According to Cecil Michener Smith and Glenn Litton (in their book Musical Comedy in America), the original "warmth and unpretentiousness" of the original play were lost in the "monumental stage spectacle. Their new wonder featured a center-stage swimming pool and every other extravagance for which they could invent an excuse: a basketball game... a fire...and a rain storm." The critics, "even the dispassionate ones, growled their disgust." In addition to rewriting the book, they brought Jerome Robbins in to "restage the dances and add a new ballet" and Rome added a new song.

In 1952, the original Broadway cast performed on The Ed Sullivan Show which, at the time, was known as Toast of the Town. This appearance by the cast played a major role in the show's ultimate success. An excerpt from the book, A Really Big Show: A Visual History of the Ed Sullivan Show notes: "The musical comedy, Wish You Were Here, was dead in the summer humidity until the producer sent its stars to rescue it on Sullivan. Ed even had one of the show's first sets constructed to accommodate those stars: A replica of a swimming pool, with mirrors to simulate depth. The next day, lines formed early at the theater, the closing notice came down, and Wish You Were Here lasted 587 additional performances" (eleven performances had already taken place).
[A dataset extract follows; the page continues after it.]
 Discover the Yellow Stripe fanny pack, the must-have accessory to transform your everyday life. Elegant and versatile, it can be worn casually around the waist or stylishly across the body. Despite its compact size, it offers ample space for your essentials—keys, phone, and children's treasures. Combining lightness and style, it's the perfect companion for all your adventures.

Wish You Were Here launched the show business career of Florence Henderson who is best known to the world as Carol Brady (the matriarch) on the long-running ABC-TV sitcom The Brady Bunch. In her chorus role as "The New Girl" (which she originated), Henderson had but one line to deliver. That one line, which started it all for her, was: "Can I see the game?"

==Awards and nominations==
Sheila Bond won the Tony Award for Best Featured Actress in a Musical. Abe Kurnit won the Tony Award for Best Stage Technician (a retired category).